SOURCE DATA>
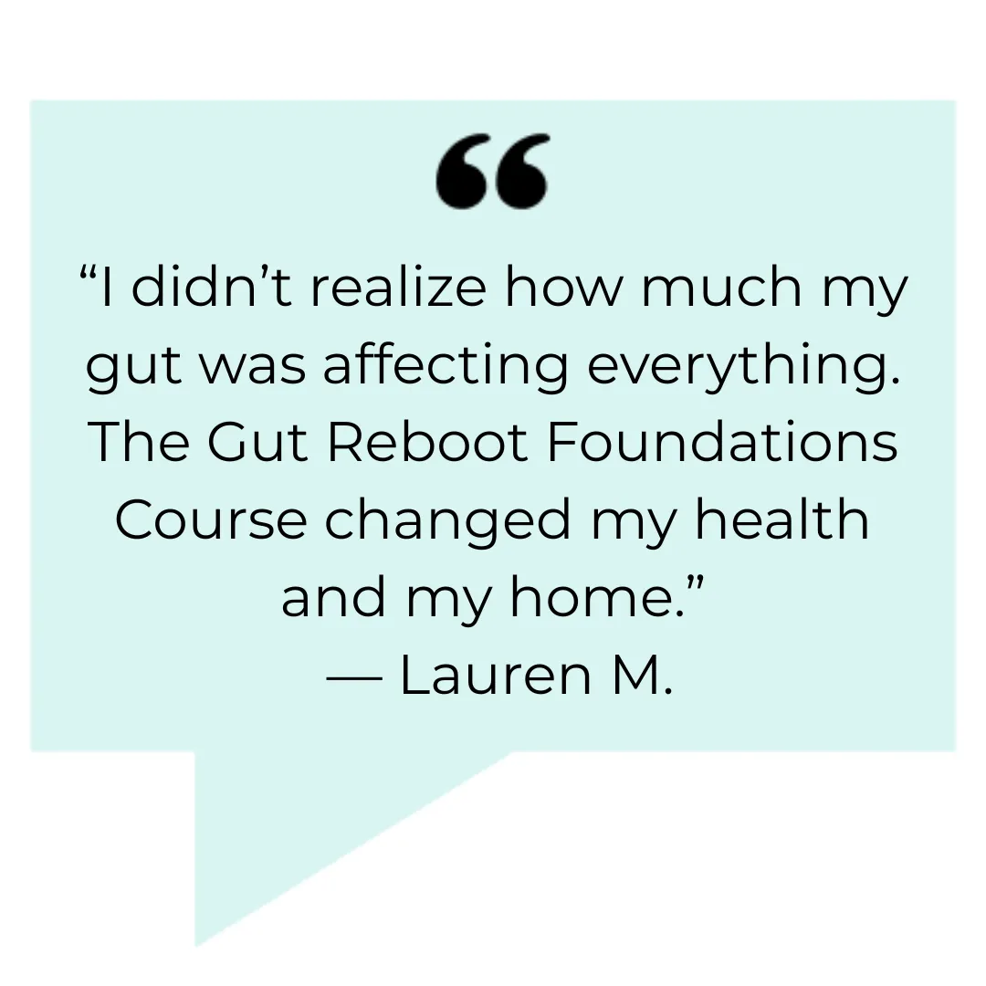 This course is completely safe. You’ll learn gentle, gut-supportive practices that help every digestive system, whether you’re dealing with bloating, constipation, loose stools, reflux, or IBS symptoms. However, if you have known gut issues, it is always best to test your gut and have a customized protocol developed for you that goes along with the habits you will build from the course. Check out the Gut Reboot Program for gut testing and get this course as a Free bonus!
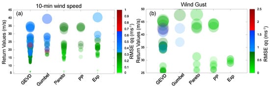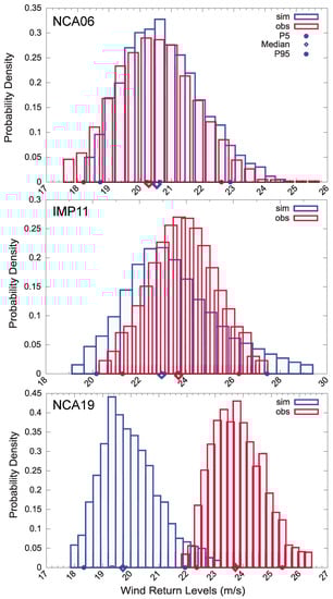 Once the observed wind series were adjusted using a particular configuration (see Table 1), the return levels are estimated as the quantiles of the distribution. There is no standard procedure to assess the quality of the estimated return levels in the literature The filters or assessments applied herein to determine the trustworthiness of each configuration are based on evaluating the ability of the distribution to represent the observed data [].
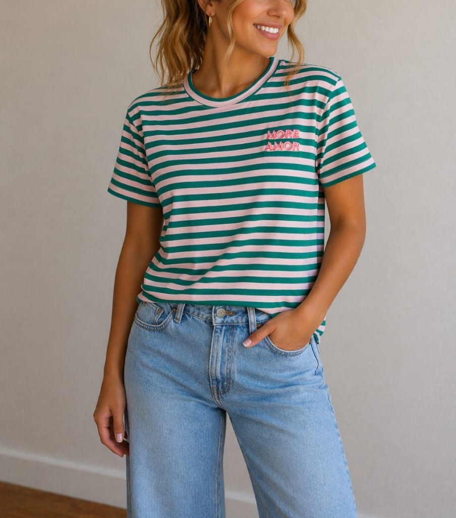 Dit gestreepte T-shirt is een fris en comfortabel item met een rustige en moderne uitstraling. De combinatie van groen en roze strepen geeft het shirt een zachte, zomerse look, terwijl de soepele stof zorgt voor een prettig draaggevoel. De wijde mouwen en relaxte fit geven het geheel een nonchalante en eigentijdse uitstraling.
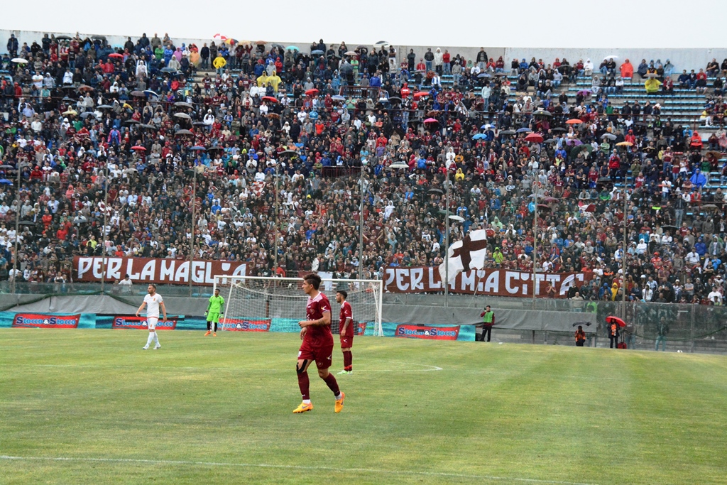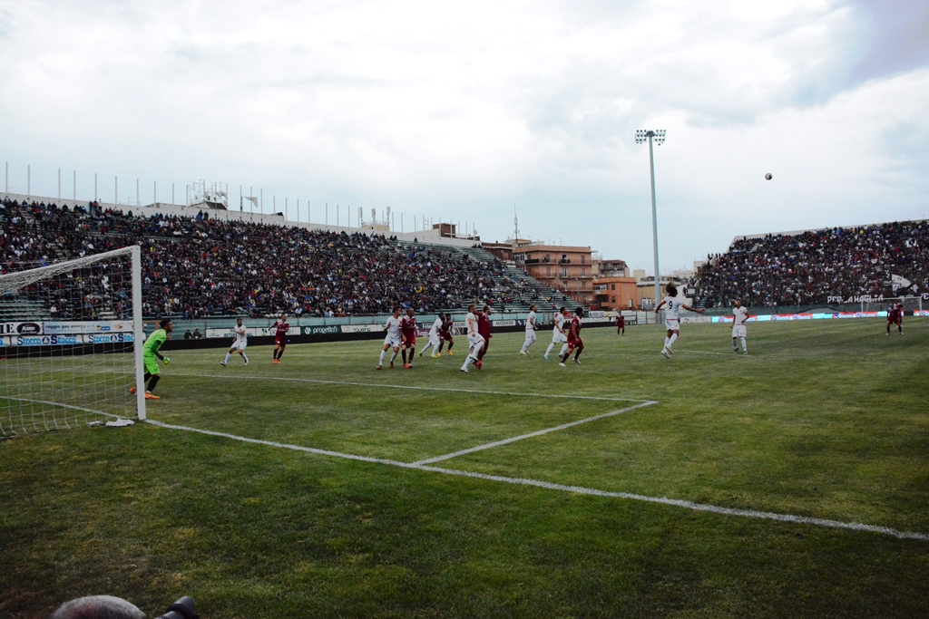 Fino a 5 giorni fa, questa partita neanche si doveva giocare. La Reggina era retrocessa in serie D, il Messina avrebbe dovuto affrontare nei playout il Savoia già fallito. Poi il CONI ha restituito agli amaranto 2 punti di penalizzazione, la classifica è cambiata 10 giorni dopo la fine del campionato, in serie D c’è finito il Savoia e le due squadre dello Stretto si sono ritrovate in un derby drammatico. Chi lo perde finisce nei Dilettanti e rischia di sparire dal calcio. L’andata al Granillo, oggi alle 17: oltre 9.000 spettatori, nonostante si giochi sotto la pioggia, di pomeriggio in un giorno feriale.
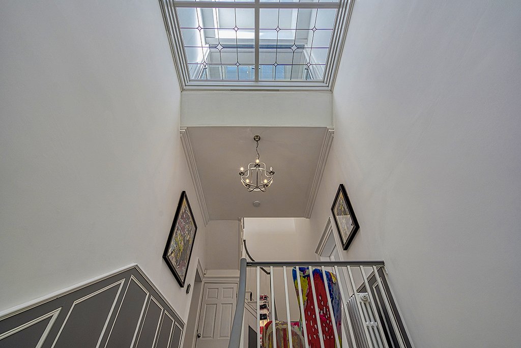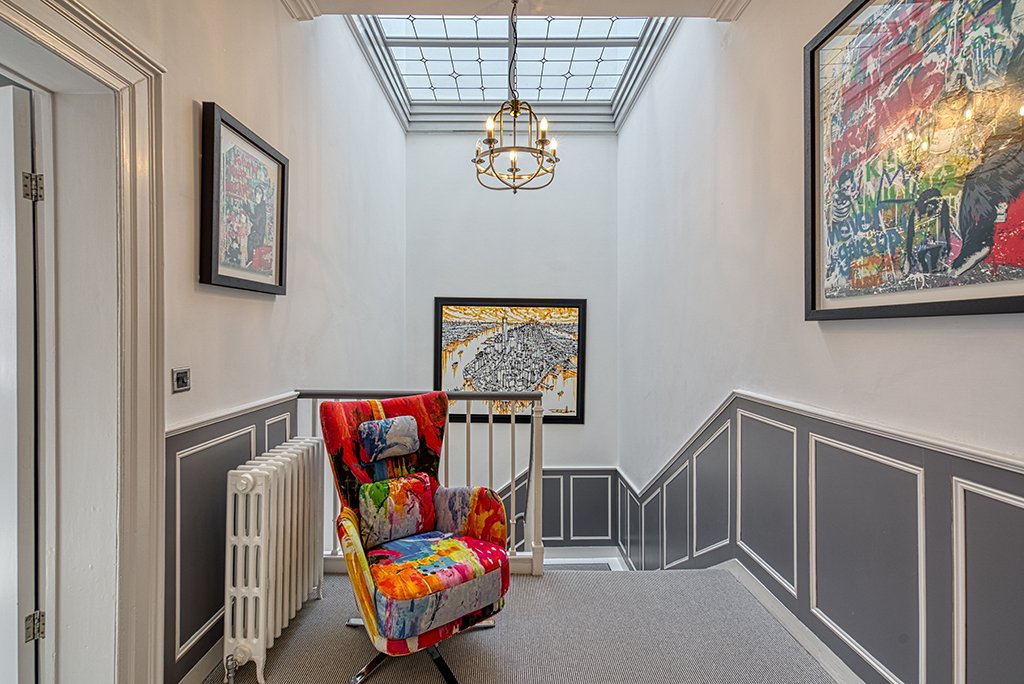Behind its handsome façade, Warwick House unfolds across four generous levels, each space beautifully composed and thoughtfully designed. From the moment you enter through the period front doors, the atmosphere is one of calm sophistication. The monochrome tiled hallway, recreated from the original Victorian pattern, and the soaring ceilings framed with classic cornicing, set the tone for the home’s enduring grace.
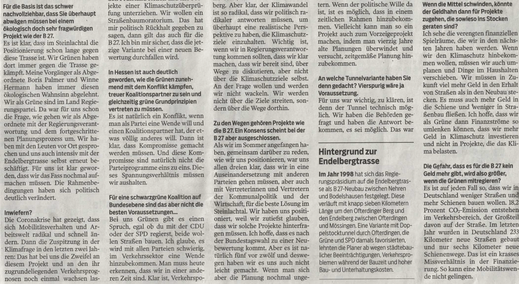 Nichtsdestotrotz verstehen wir, was da zwischen den Zeilen im Gespräch mit Winne Hermann gesagt wurde und was wir uns ja selbst schon dachten: deklariert Ofterdingen den Willen, umzuschwenken und sich für eine Tunnellösung auszusprechen, besteht die Möglichkeit, dies zu tun. Das ist anstrengend und erfordert klare Kante. Da mag man, wie Herr Rosemann von der SPD es in einem Leserbrief tut, eher die bequeme Position einnehmen wollen:
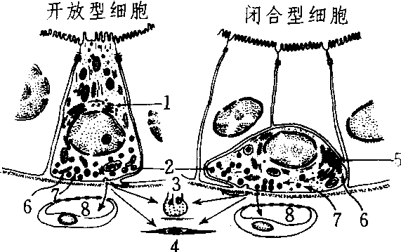 胃肠道内分泌细胞结构和功能 1.高尔基复合体 2.分泌颗粒 3.神经 4.肌纤维 5.粗面内质网 6.氨基酸 7.胺 8. 血液 |
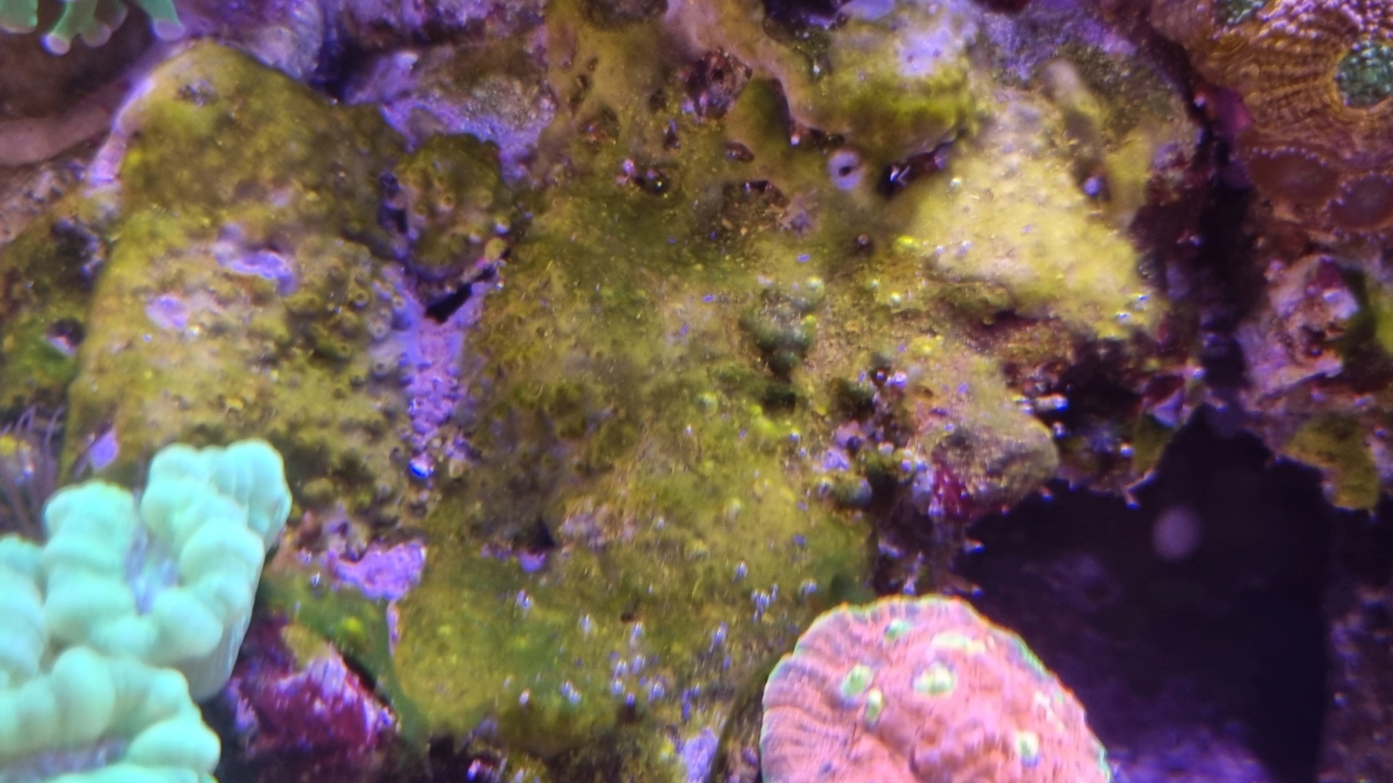 An zwei Stellen haben sich grüne Algenbeläge breit gemacht, die man sehr leicht absaugen kann und die gerade abends photosynthetisch sehr aktiv sind, ich vermute es sind grüne Cyanos. Bisher habe ich noch kein Rezept gegen sie gefunden ausser Absaugen, aber binnen einer Woche ist der Stein wieder voll. Das gute ist, sie überwachsen keine Steinkorallen, daher bin ich da noch ganz entspannt. Eine Schneckenart frisst sie auch, aber eher widerwillig.

TASK DESCRIPTION> Could the material above be given again exactly, pictures excluded?

SOLUTION TO THE EXERCISE>
 This course is completely safe. You’ll learn gentle, gut-supportive practices that help every digestive system, whether you’re dealing with bloating, constipation, loose stools, reflux, or IBS symptoms. However, if you have known gut issues, it is always best to test your gut and have a customized protocol developed for you that goes along with the habits you will build from the course. Check out the Gut Reboot Program for gut testing and get this course as a Free bonus!
 Once the observed wind series were adjusted using a particular configuration (see Table 1), the return levels are estimated as the quantiles of the distribution. There is no standard procedure to assess the quality of the estimated return levels in the literature The filters or assessments applied herein to determine the trustworthiness of each configuration are based on evaluating the ability of the distribution to represent the observed data [].
 Dit gestreepte T-shirt is een fris en comfortabel item met een rustige en moderne uitstraling. De combinatie van groen en roze strepen geeft het shirt een zachte, zomerse look, terwijl de soepele stof zorgt voor een prettig draaggevoel. De wijde mouwen en relaxte fit geven het geheel een nonchalante en eigentijdse uitstraling.
 Fino a 5 giorni fa, questa partita neanche si doveva giocare. La Reggina era retrocessa in serie D, il Messina avrebbe dovuto affrontare nei playout il Savoia già fallito. Poi il CONI ha restituito agli amaranto 2 punti di penalizzazione, la classifica è cambiata 10 giorni dopo la fine del campionato, in serie D c’è finito il Savoia e le due squadre dello Stretto si sono ritrovate in un derby drammatico. Chi lo perde finisce nei Dilettanti e rischia di sparire dal calcio. L’andata al Granillo, oggi alle 17: oltre 9.000 spettatori, nonostante si giochi sotto la pioggia, di pomeriggio in un giorno feriale.
Behind its handsome façade, Warwick House unfolds across four generous levels, each space beautifully composed and thoughtfully designed. From the moment you enter through the period front doors, the atmosphere is one of calm sophistication. The monochrome tiled hallway, recreated from the original Victorian pattern, and the soaring ceilings framed with classic cornicing, set the tone for the home’s enduring grace.
 Nichtsdestotrotz verstehen wir, was da zwischen den Zeilen im Gespräch mit Winne Hermann gesagt wurde und was wir uns ja selbst schon dachten: deklariert Ofterdingen den Willen, umzuschwenken und sich für eine Tunnellösung auszusprechen, besteht die Möglichkeit, dies zu tun. Das ist anstrengend und erfordert klare Kante. Da mag man, wie Herr Rosemann von der SPD es in einem Leserbrief tut, eher die bequeme Position einnehmen wollen:
 胃肠道内分泌细胞结构和功能 1.高尔基复合体 2.分泌颗粒 3.神经 4.肌纤维 5.粗面内质网 6.氨基酸 7.胺 8. 血液 |
 An zwei Stellen haben sich grüne Algenbeläge breit gemacht, die man sehr leicht absaugen kann und die gerade abends photosynthetisch sehr aktiv sind, ich vermute es sind grüne Cyanos. Bisher habe ich noch kein Rezept gegen sie gefunden ausser Absaugen, aber binnen einer Woche ist der Stein wieder voll. Das gute ist, sie überwachsen keine Steinkorallen, daher bin ich da noch ganz entspannt. Eine Schneckenart frisst sie auch, aber eher widerwillig.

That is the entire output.